Activity → Search through the entries for the word "make" and copy every line that has it.

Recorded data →
□ □ □
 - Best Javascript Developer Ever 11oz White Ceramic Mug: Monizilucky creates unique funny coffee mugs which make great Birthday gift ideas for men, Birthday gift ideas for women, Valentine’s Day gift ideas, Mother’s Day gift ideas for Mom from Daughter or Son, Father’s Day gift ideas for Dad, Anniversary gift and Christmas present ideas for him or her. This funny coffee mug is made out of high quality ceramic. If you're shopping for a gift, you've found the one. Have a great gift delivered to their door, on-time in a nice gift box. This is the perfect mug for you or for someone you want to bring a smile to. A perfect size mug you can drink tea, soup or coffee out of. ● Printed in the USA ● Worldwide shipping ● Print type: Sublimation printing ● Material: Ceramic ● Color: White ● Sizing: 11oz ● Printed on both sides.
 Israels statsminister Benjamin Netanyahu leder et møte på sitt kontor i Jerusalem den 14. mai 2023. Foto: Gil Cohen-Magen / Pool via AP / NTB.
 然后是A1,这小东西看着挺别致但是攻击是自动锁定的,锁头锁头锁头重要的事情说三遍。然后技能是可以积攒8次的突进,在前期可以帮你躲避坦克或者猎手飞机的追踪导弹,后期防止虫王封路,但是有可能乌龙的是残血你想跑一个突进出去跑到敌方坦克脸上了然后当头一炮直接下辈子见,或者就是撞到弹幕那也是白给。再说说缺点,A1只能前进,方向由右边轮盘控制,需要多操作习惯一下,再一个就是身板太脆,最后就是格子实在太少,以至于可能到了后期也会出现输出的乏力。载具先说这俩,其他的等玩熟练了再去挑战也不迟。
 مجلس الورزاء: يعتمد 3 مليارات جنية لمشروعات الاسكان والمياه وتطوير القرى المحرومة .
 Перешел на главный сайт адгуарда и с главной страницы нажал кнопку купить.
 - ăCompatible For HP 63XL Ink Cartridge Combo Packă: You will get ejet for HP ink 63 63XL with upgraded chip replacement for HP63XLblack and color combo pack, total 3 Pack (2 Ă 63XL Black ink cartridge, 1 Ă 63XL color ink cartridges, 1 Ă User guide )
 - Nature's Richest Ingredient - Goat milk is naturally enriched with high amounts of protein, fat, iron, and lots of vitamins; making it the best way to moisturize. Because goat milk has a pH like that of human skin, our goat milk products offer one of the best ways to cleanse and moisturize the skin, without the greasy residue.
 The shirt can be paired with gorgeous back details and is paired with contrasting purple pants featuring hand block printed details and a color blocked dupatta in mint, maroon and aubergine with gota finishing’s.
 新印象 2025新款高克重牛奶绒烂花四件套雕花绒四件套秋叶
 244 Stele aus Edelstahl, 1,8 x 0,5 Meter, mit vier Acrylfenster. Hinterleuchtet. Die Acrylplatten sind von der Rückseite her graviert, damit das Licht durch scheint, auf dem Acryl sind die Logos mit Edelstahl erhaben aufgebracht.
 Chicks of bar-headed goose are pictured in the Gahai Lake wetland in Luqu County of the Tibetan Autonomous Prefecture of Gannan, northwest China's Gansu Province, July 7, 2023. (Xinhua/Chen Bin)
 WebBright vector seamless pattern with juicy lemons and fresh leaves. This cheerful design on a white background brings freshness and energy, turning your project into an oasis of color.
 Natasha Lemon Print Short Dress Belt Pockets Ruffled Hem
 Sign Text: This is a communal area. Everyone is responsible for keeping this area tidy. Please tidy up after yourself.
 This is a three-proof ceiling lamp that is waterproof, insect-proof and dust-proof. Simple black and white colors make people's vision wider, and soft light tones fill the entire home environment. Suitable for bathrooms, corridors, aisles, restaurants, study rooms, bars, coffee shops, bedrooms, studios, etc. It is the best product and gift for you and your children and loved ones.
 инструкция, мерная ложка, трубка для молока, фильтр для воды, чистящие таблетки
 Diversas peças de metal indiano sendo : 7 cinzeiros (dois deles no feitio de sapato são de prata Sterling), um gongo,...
□ □ □
Problem solution →
 - Best Javascript Developer Ever 11oz White Ceramic Mug: Monizilucky creates unique funny coffee mugs which make great Birthday gift ideas for men, Birthday gift ideas for women, Valentine’s Day gift ideas, Mother’s Day gift ideas for Mom from Daughter or Son, Father’s Day gift ideas for Dad, Anniversary gift and Christmas present ideas for him or her. This funny coffee mug is made out of high quality ceramic. If you're shopping for a gift, you've found the one. Have a great gift delivered to their door, on-time in a nice gift box. This is the perfect mug for you or for someone you want to bring a smile to. A perfect size mug you can drink tea, soup or coffee out of. ● Printed in the USA ● Worldwide shipping ● Print type: Sublimation printing ● Material: Ceramic ● Color: White ● Sizing: 11oz ● Printed on both sides.
 This is a three-proof ceiling lamp that is waterproof, insect-proof and dust-proof. Simple black and white colors make people's vision wider, and soft light tones fill the entire home environment. Suitable for bathrooms, corridors, aisles, restaurants, study rooms, bars, coffee shops, bedrooms, studios, etc. It is the best product and gift for you and your children and loved ones.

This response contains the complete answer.